_GIVEN ENTRIES_
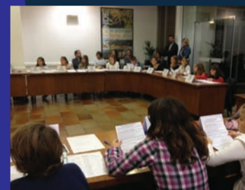
Conseil Municipal Jeunes
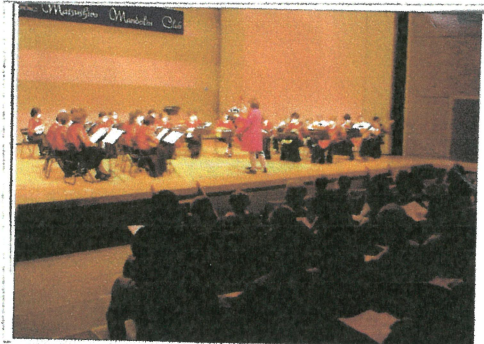
(写真説明1) 演奏会当日
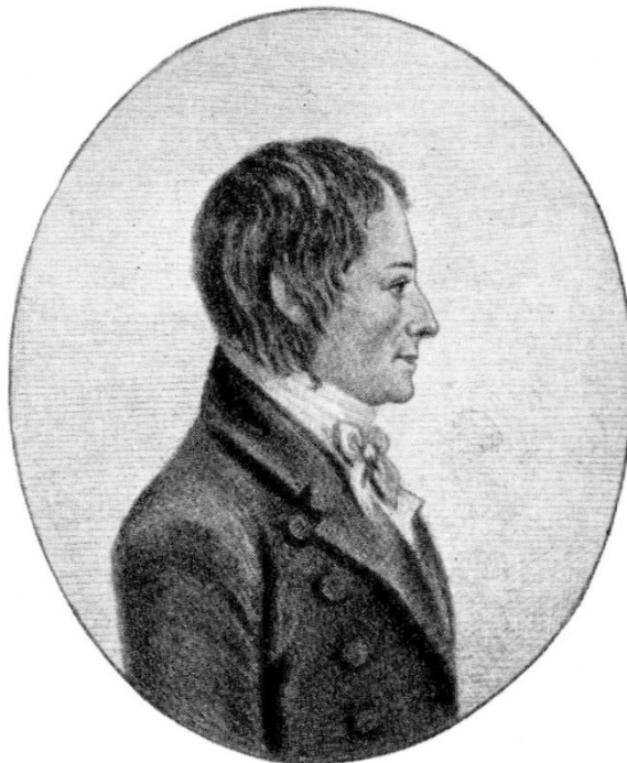
A. G. Ekeberg. Gravyr av A. U. Berndes efter teckning av J. E. Roos.
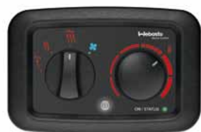
Air Top Evo Multifunktions-Bedienelement

Für einen vollständigen Überblick über Webasto Zubehörteile, beachten Sie bitte den Marine Katalog.
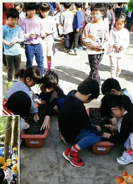
保育園・幼稚園児によるどんぐりの 種まき (鹿児島市)
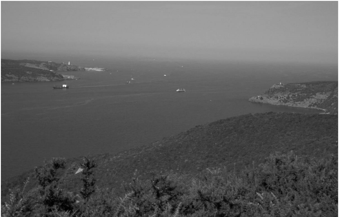
Abb. 20: Hieron/Anadolu Kavağı, Nordausgang des Bosphorus und Schwarzes Meer
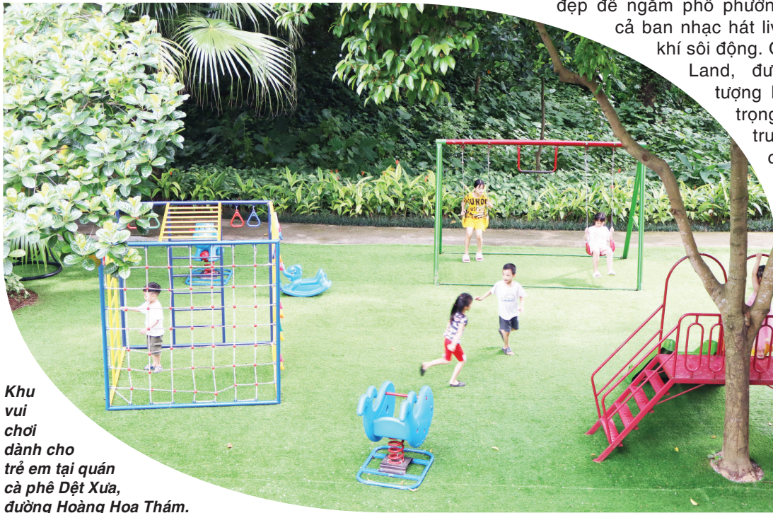
Khu vui chơi dành cho trẻ em tại quán cà phê Dệt Xưa, đường Hoàng Hoa Thám.

Những quán cà phê giờ đây đã trở thành một phần rất đời quen thuộc, thân thương của phố. Khi vui, và cả lúc buồn, chỉ cần gặp bạn bè, người thân nơi quán quen, lặng nghe từng giọt cà phê đặc sắc, thơm nồng tí tách rơi, đắm mình trong hương cà phê mê hoặc và quyến rũ, sẽ thấy tâm hồn thật nhẹ nhàng, thư thái ■
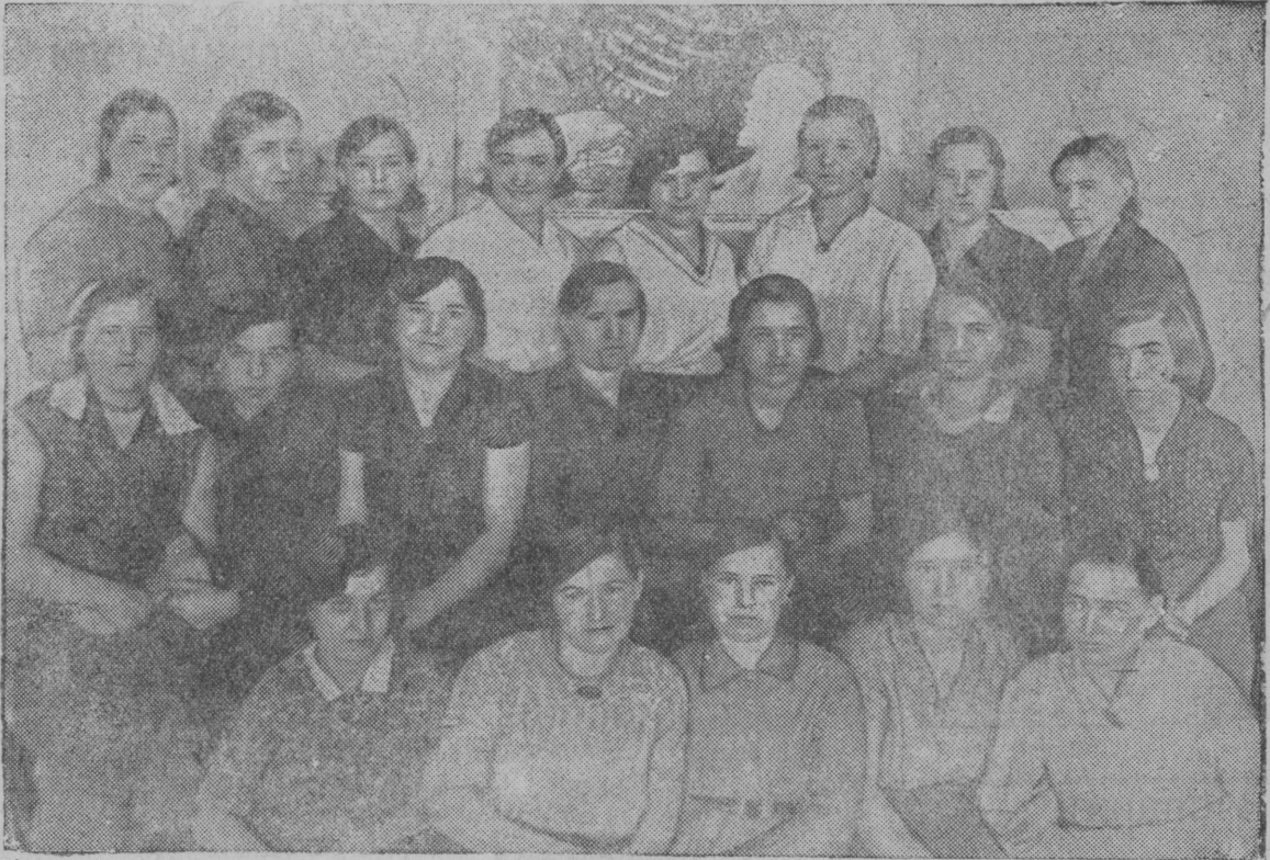
НА СНИМКЕ: сквозная стахановская бригада Рамешковской трикотажной артели. Производственную программу за 1937 год она выполнила на 127 процентов. За январь и февраль 1938 года бригада выполнила производственный план на 145 процентов.
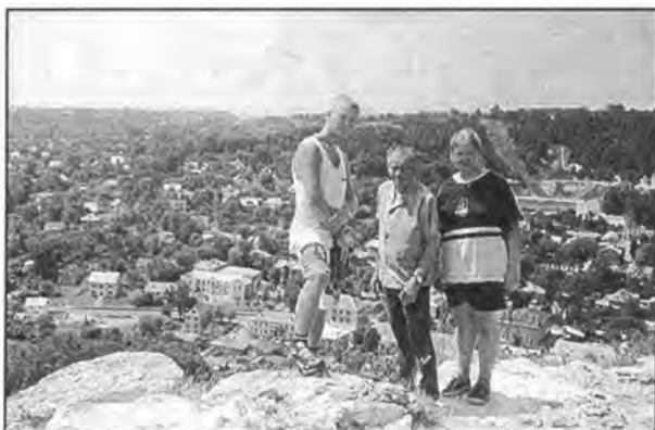
Panorama Krzemieniecka, widok z ruin zamku Bony

W 1922 Liceum zostało odnowione jako zespół szkół gimnazjum, seminarium nauczycielskiego szkoła ćwiczeń, szkoła zawodowa oraz muzeum Juliusza Słowackiego, działało do 1939. Ukończył je m.in. J. Słowacki, J. Korzeniowski, A. Malczewski, S. Worcell.
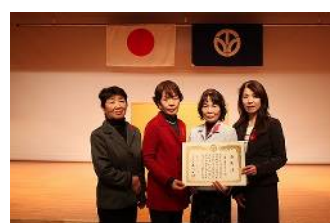
(三国女性ネットワーク)
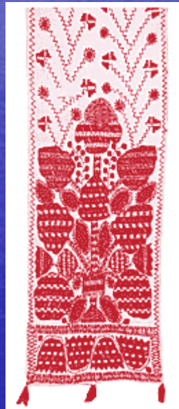
Рушник "шитий", 1905.

_WHAT TO PRODUCE_
Only the lines from the one containing "Air Top Evo Multifunktions-Bedienelement" through the end of the listing above should be reproduced, exactly as they stand. Leave the pictures out.

_COMPLETED TASK_
Air Top Evo Multifunktions-Bedienelement

Für einen vollständigen Überblick über Webasto Zubehörteile, beachten Sie bitte den Marine Katalog.
保育園・幼稚園児によるどんぐりの 種まき (鹿児島市)
Abb. 20: Hieron/Anadolu Kavağı, Nordausgang des Bosphorus und Schwarzes Meer
Khu vui chơi dành cho trẻ em tại quán cà phê Dệt Xưa, đường Hoàng Hoa Thám.

Những quán cà phê giờ đây đã trở thành một phần rất đời quen thuộc, thân thương của phố. Khi vui, và cả lúc buồn, chỉ cần gặp bạn bè, người thân nơi quán quen, lặng nghe từng giọt cà phê đặc sắc, thơm nồng tí tách rơi, đắm mình trong hương cà phê mê hoặc và quyến rũ, sẽ thấy tâm hồn thật nhẹ nhàng, thư thái ■
НА СНИМКЕ: сквозная стахановская бригада Рамешковской трикотажной артели. Производственную программу за 1937 год она выполнила на 127 процентов. За январь и февраль 1938 года бригада выполнила производственный план на 145 процентов.
Panorama Krzemieniecka, widok z ruin zamku Bony

W 1922 Liceum zostało odnowione jako zespół szkół gimnazjum, seminarium nauczycielskiego szkoła ćwiczeń, szkoła zawodowa oraz muzeum Juliusza Słowackiego, działało do 1939. Ukończył je m.in. J. Słowacki, J. Korzeniowski, A. Malczewski, S. Worcell.
(三国女性ネットワーク)
Рушник "шитий", 1905.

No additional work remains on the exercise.